■ **INSTRUCTIONS FOR THE TASK**:
Take the lines below from the one with "Sessão da Câmara de Campo Mourão sem" through the one with "Barely used. The" and print only them, exactly. Don't print the pictures.

Collection entries:
● ● ●

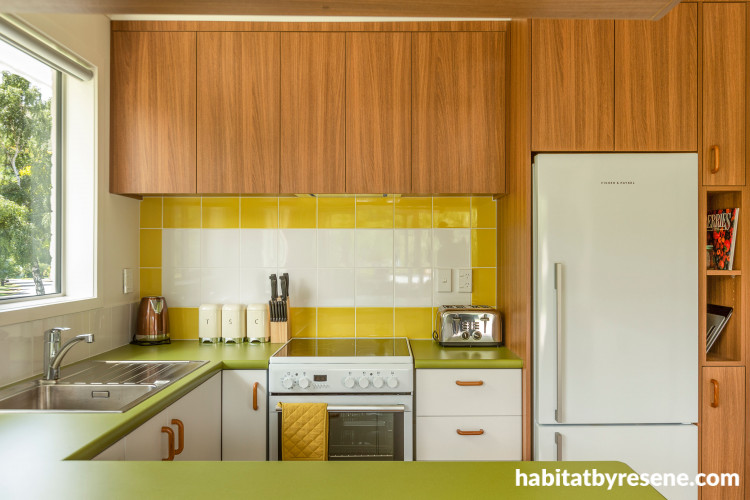 With retro wood cabinetry and a groovy green benchtop, the chosen paint colour needed to play bridesmaid to the kitchen design – support but not steal the thunder. Resene Half Spanish White is the perfect off-white choice – understated and classic.
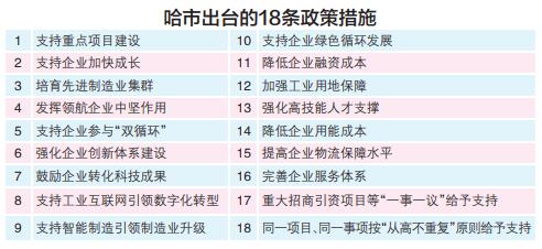 為有效推動(dòng)制造業(yè)質(zhì)量變革、效率變革、動(dòng)力變革,哈爾濱市日前出臺《關(guān)于加快推動(dòng)哈爾濱制造業(yè)高質(zhì)量發(fā)展實(shí)現(xiàn)工業(yè)強(qiáng)市的若干政策措施》,通過支持重點(diǎn)項(xiàng)目建設(shè)、培育先進(jìn)制造業(yè)集群、降低企業(yè)融資成本等18條具體措施,重點(diǎn)支持哈爾濱制造產(chǎn)業(yè)發(fā)展,助推工業(yè)強(qiáng)市。
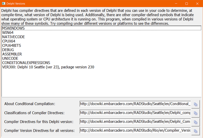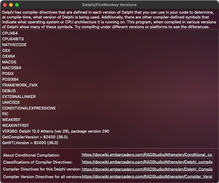 This is a small suite of simple Delphi cross-platform applications that can be compiled in different versions and platforms and which displays text based on compiler directives defined by the compiler.
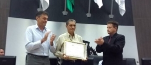 Sessão da Câmara de Campo Mourão sem homenagem não é sessão da Câmara de Campo Mourão. Nesta terça-feira teve entrega de moção a Dirceu Antõnio de Almeida. Ele é empresário, líder comunitário do Lar Paraná e assíduo frequentador das sessões da Câmara. "Em 99% das reuniões lá está o seo Dirceu", frisou o vereador autor da homenagem, Miguel Ribeiro, que entregou a moção junto com o vice-prefeito Beto Voidelo.
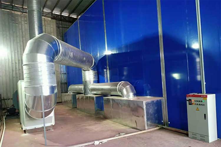 2.2、噴漆室采用上送風側(cè)排風玻纖地棉漆霧處理方式的結(jié)構(gòu)形式。
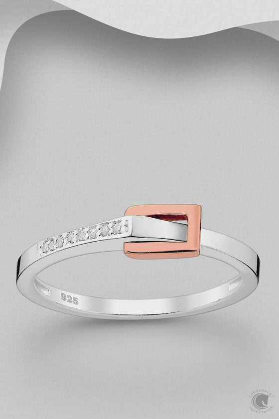 SILVER BELT RING, BUCKLE PLATED WITH 1 MICRON PINK GOLD, DECORATED WITH CZ SIMULATED DIAMONDS
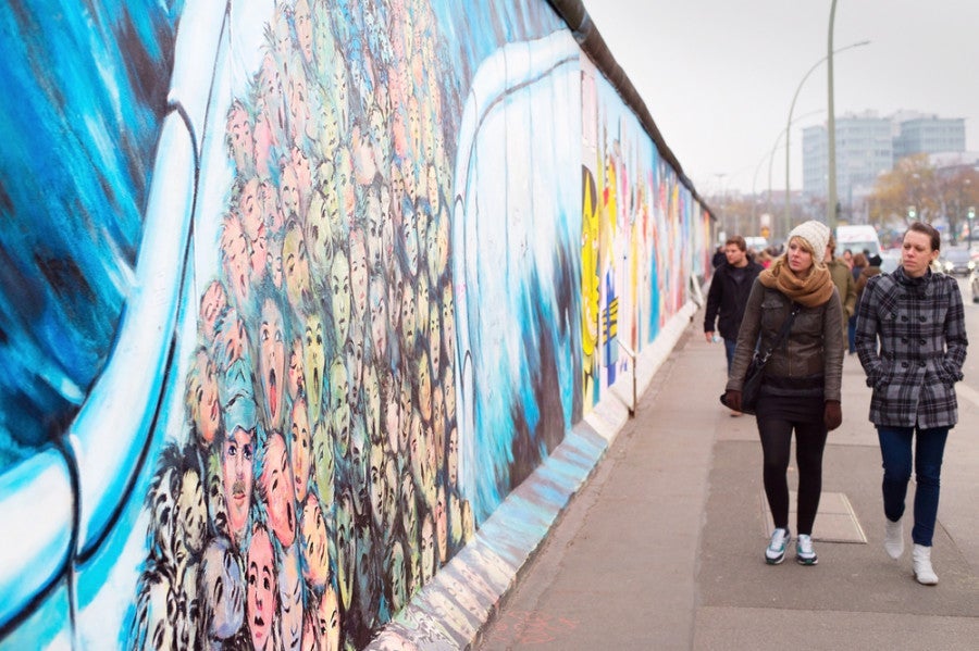 Walk a bit farther east and you'll pass the TV Tower and end up in Alexanderplatz, where you can catch the return bus to the airport, or, if you have more time, ride the S-Bahn to the Eastside Gallery—a 1.3 kilometer stretch of the former Berlin Wall painted with murals by artists from around the world.
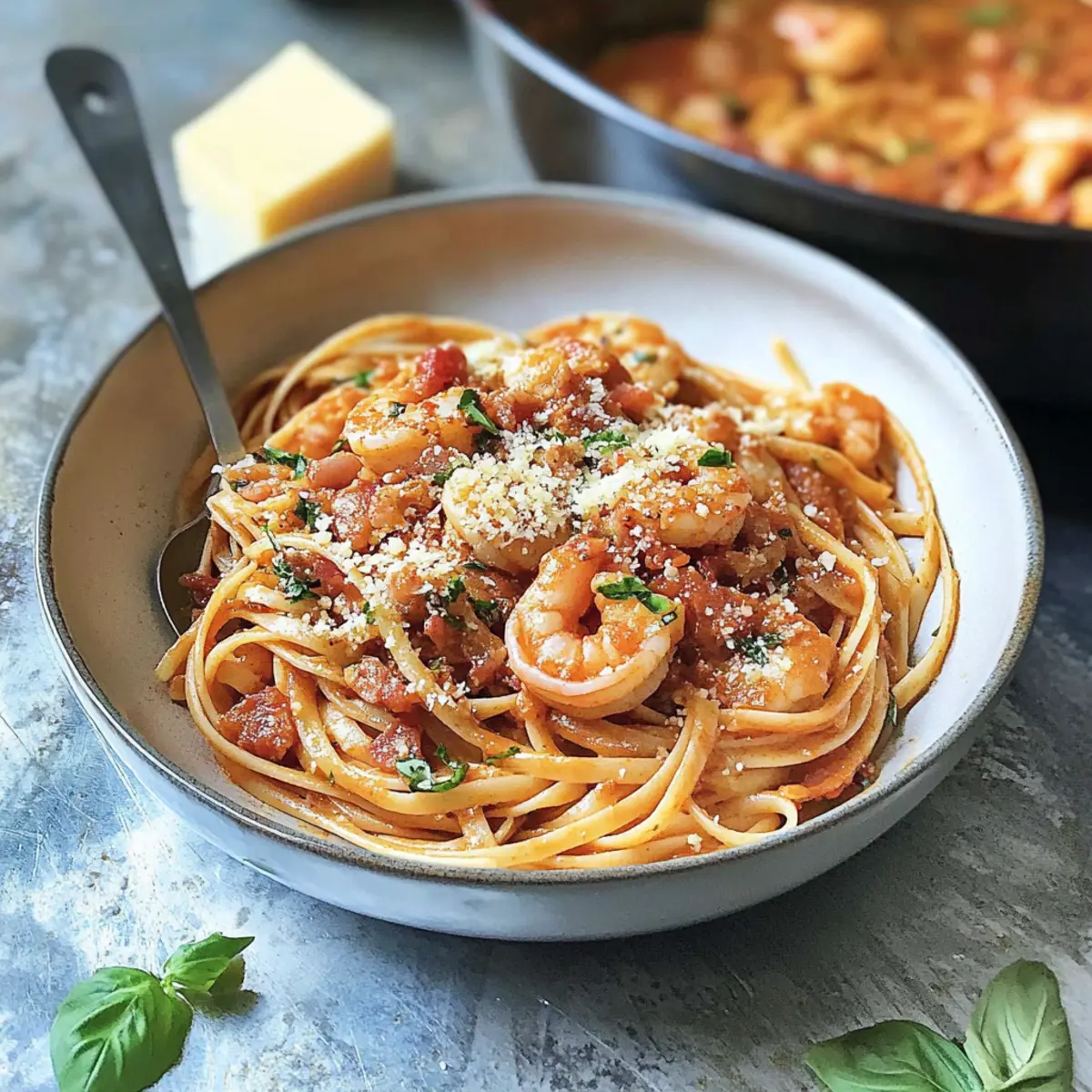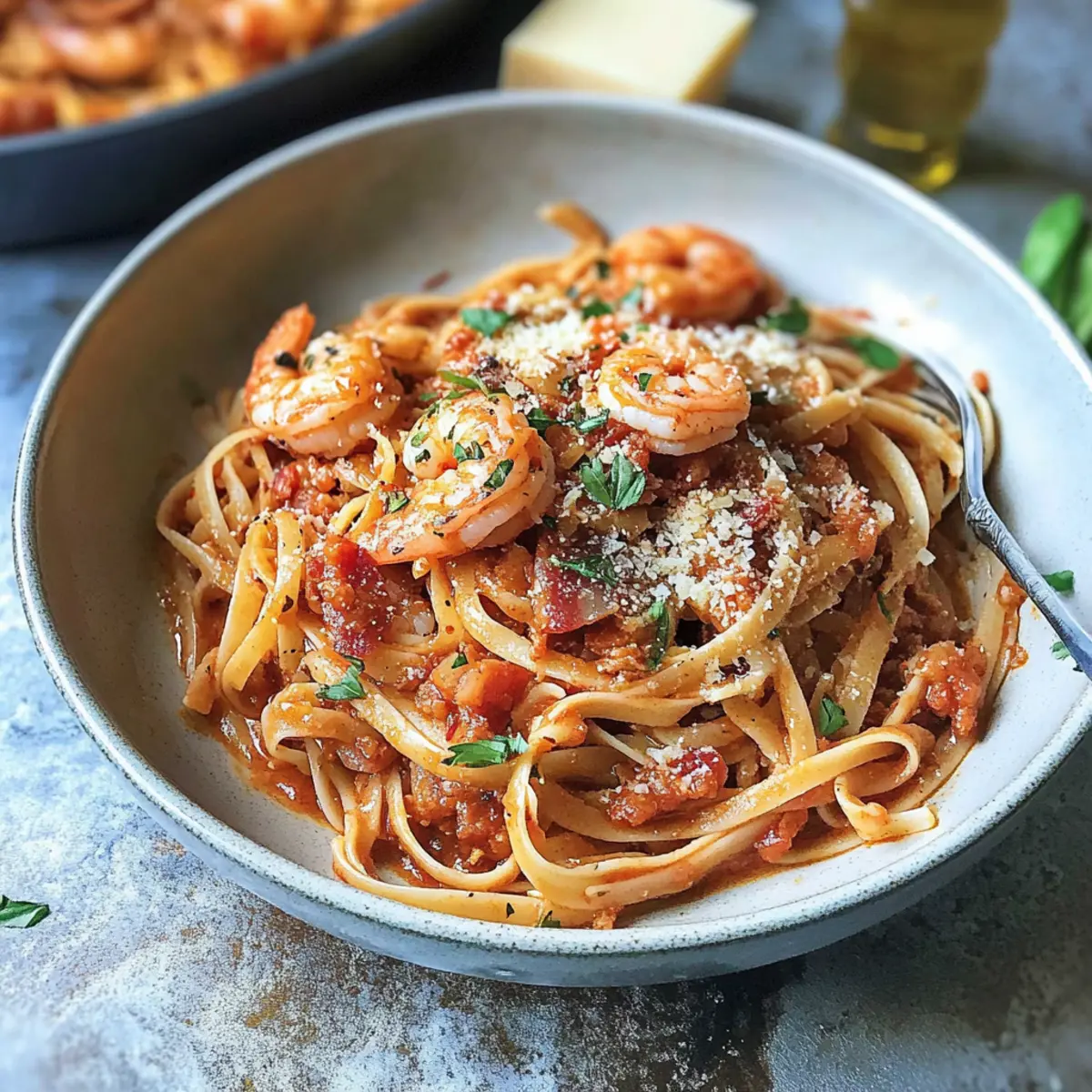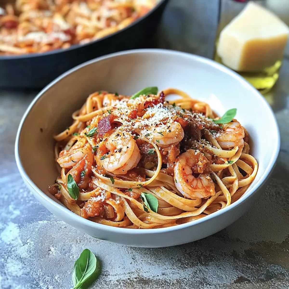 Gather your loved ones around for a delightful meal that perfectly balances spice with comforting flavors, enhancing your shrimp pasta experience.
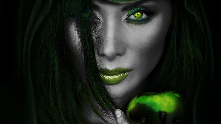 Ведьма с зелеными волосами.
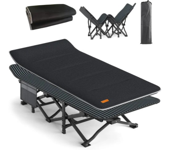 Портативна розкладачка доступна для сидіння, лежання та сну поставляється разом з чохлом в комплекті для зручного зберігання та транспортування. Використовується як розкладачка для дорослих, дітей, офісна розкладачка або гостьове ліжко в кімнаті, розкладний шезлонг для відпочинку на задньому дворі або на пляжі.
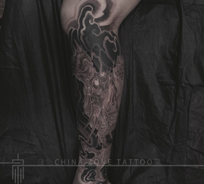 黑灰满背纹身图案
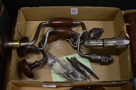 Three vintage wood working braces by J A Chapman together with a collection of bits.
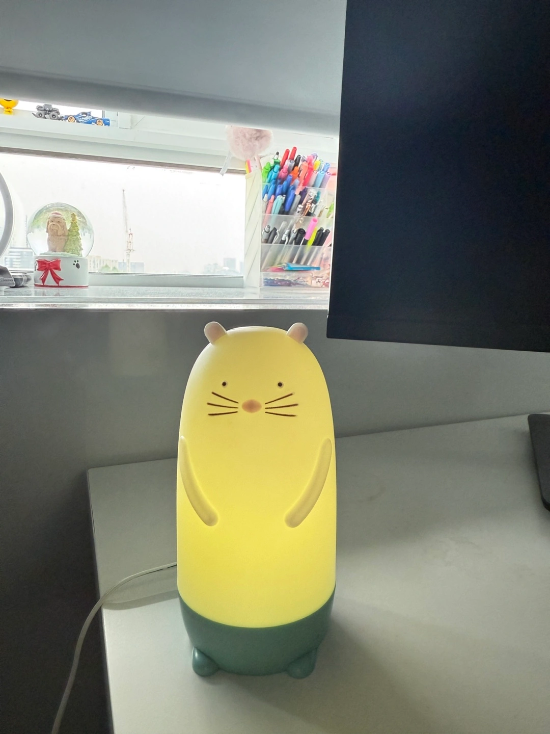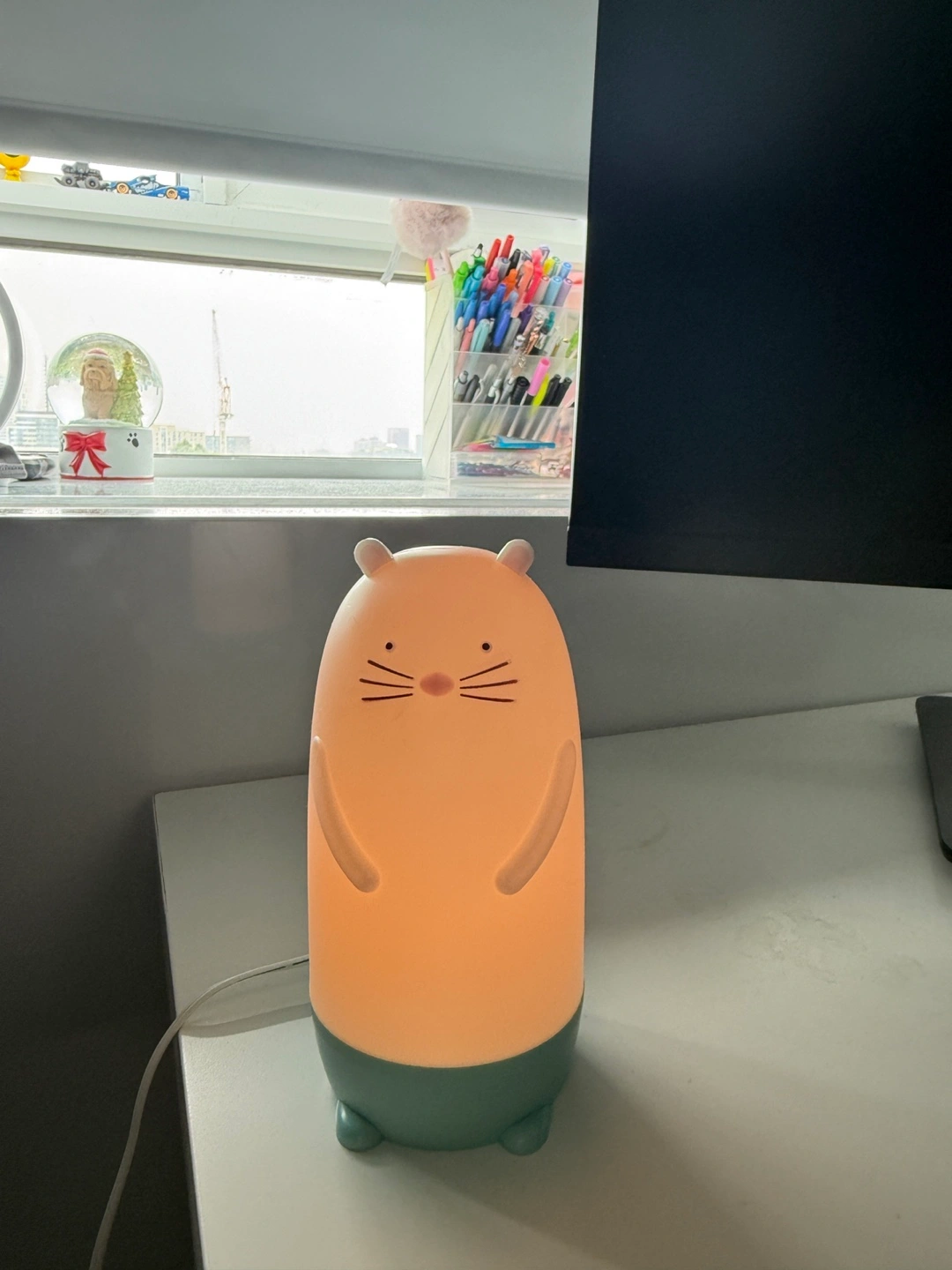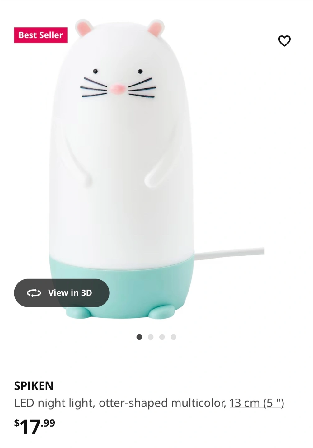 Barely used. The original price is 18 at ikea. A night light shaped like a cute animal. It features a simple design and emits a soft, calming glow with different color settings. It will make bedtime a cozy and comforting experience.
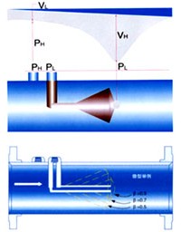 V錐流量計工作原理: 是一種差壓流量儀表,迄今為止以差壓原理設計的流量儀表已經有一百多年的應用歷史了。差壓原理是基于密封管道中的能量轉換原理,也就是說對穩定流體,流量與管道中介質流速的平方根成正比。當介質接近錐體時,其壓力為P1,在介質通過錐體的截流區時,速度增大,壓力降低為都通過錐形流量計的取壓口引到差壓變送器上,當流速發生變化時,錐形流量計的兩個取壓口之間的差壓值會增大或縮小。 錐流量計在進行流量計算時所采用的計算公式同其他差壓流量儀表相同,但其截流元件的獨特設計,迫使管道中心的介質繞著錐體流動,與其他差壓流量計相比這樣有很多優點。我們可以借助理想狀態流速曲線分布圖來理解錐形流量計的性能。管道中的流體沒有受到任何干擾和阻礙,即是我們所說的理想流態,他的流速分布均勻,靠近管壁的流速幾乎為零,管道中心的流速達到大,靠近管壁的流速幾乎為零,是由于管壁對介質的摩擦力造成的。由于錐體懸掛在管線中心,他直接同流體的高速區接觸,迫使高速區的流體同近管壁低速區的流體相混合從而使流速均勻化。所以即使流速很低,錐形流量計仍能使流體與管道中心的高流速連續作用產生正確差壓。
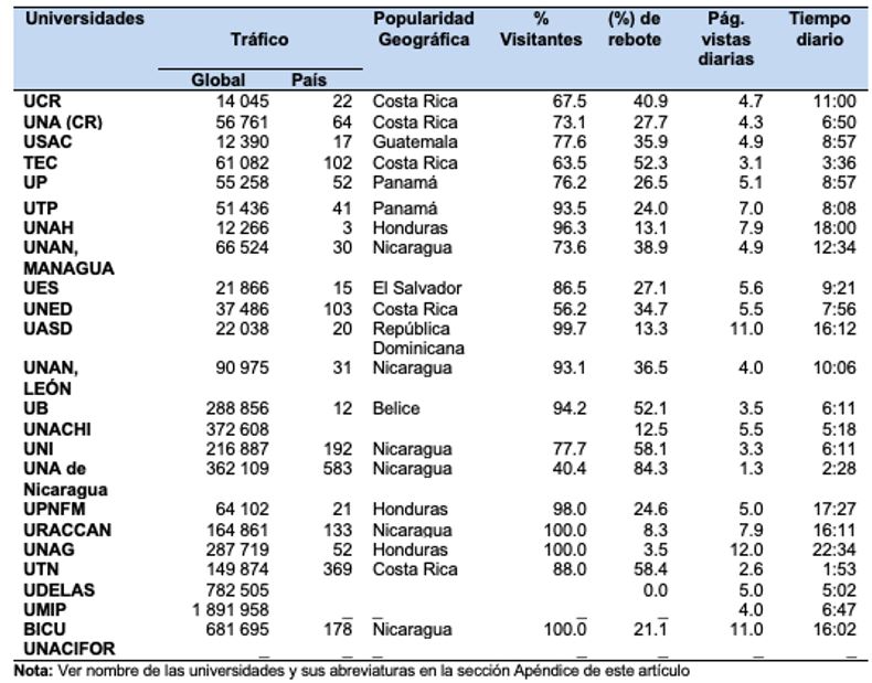 En el tráfico en su respectivo país, la UNAH ocupa el tercer puesto en el sitio más buscado en Honduras, mientras que en Belice, la UB ocupa el puesto 12 y en El Salvador UES logra el 15. En los países donde están las universidades analizadas (se excluye Belice por presentar datos insuficientes en Rank de Alexa), tienen como sitio más popular a Google.com®, seguido de Youtube.com®; el tercer puesto es ocupado por noticieros y redes sociales a excepción de Costa Rica, que tiene en segundo lugar a Crhoy.com® –noticiero del país–, y a Honduras, que tiene como tercero la página web de la UNAH, el cual obtiene principalmente –con 63.2 %– de la redirección de la búsqueda de “campus virtual UNAH”.
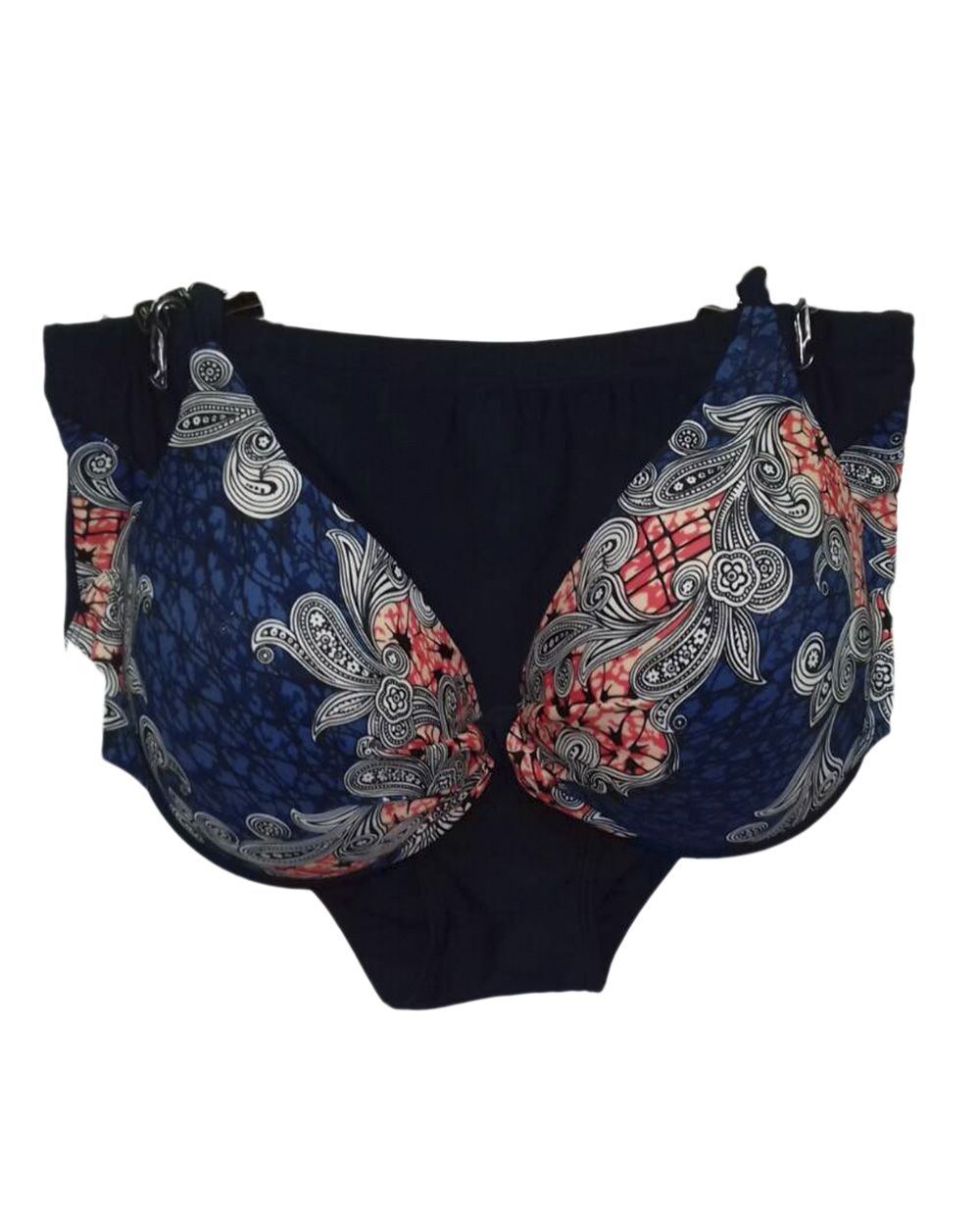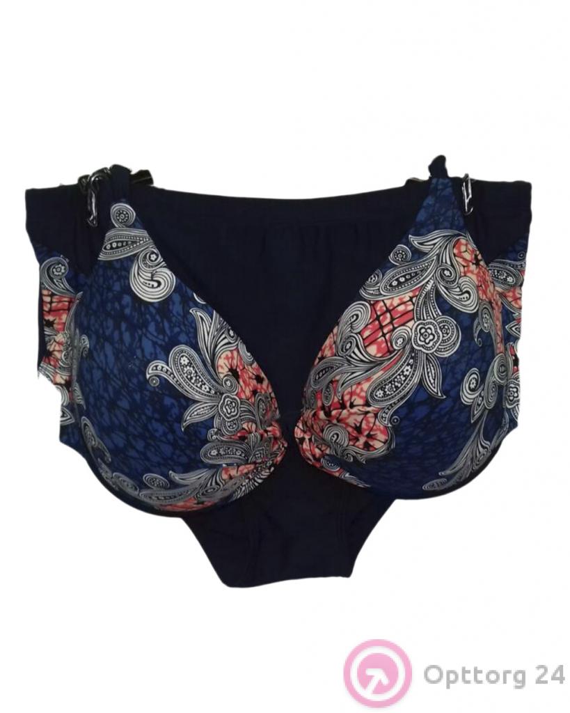 Аккуратный темно-синий купальник с лифом на бретелях. Мягкие чаши, плавки с вшитой резинкой.

● ● ●

■ **RESPONSE TO THE TASK**:
 Sessão da Câmara de Campo Mourão sem homenagem não é sessão da Câmara de Campo Mourão. Nesta terça-feira teve entrega de moção a Dirceu Antõnio de Almeida. Ele é empresário, líder comunitário do Lar Paraná e assíduo frequentador das sessões da Câmara. "Em 99% das reuniões lá está o seo Dirceu", frisou o vereador autor da homenagem, Miguel Ribeiro, que entregou a moção junto com o vice-prefeito Beto Voidelo.
 2.2、噴漆室采用上送風側(cè)排風玻纖地棉漆霧處理方式的結(jié)構(gòu)形式。
 SILVER BELT RING, BUCKLE PLATED WITH 1 MICRON PINK GOLD, DECORATED WITH CZ SIMULATED DIAMONDS
 Walk a bit farther east and you'll pass the TV Tower and end up in Alexanderplatz, where you can catch the return bus to the airport, or, if you have more time, ride the S-Bahn to the Eastside Gallery—a 1.3 kilometer stretch of the former Berlin Wall painted with murals by artists from around the world.
 Gather your loved ones around for a delightful meal that perfectly balances spice with comforting flavors, enhancing your shrimp pasta experience.
 Ведьма с зелеными волосами.
 Портативна розкладачка доступна для сидіння, лежання та сну поставляється разом з чохлом в комплекті для зручного зберігання та транспортування. Використовується як розкладачка для дорослих, дітей, офісна розкладачка або гостьове ліжко в кімнаті, розкладний шезлонг для відпочинку на задньому дворі або на пляжі.
 黑灰满背纹身图案
 Three vintage wood working braces by J A Chapman together with a collection of bits.
 Barely used. The original price is 18 at ikea. A night light shaped like a cute animal. It features a simple design and emits a soft, calming glow with different color settings. It will make bedtime a cozy and comforting experience.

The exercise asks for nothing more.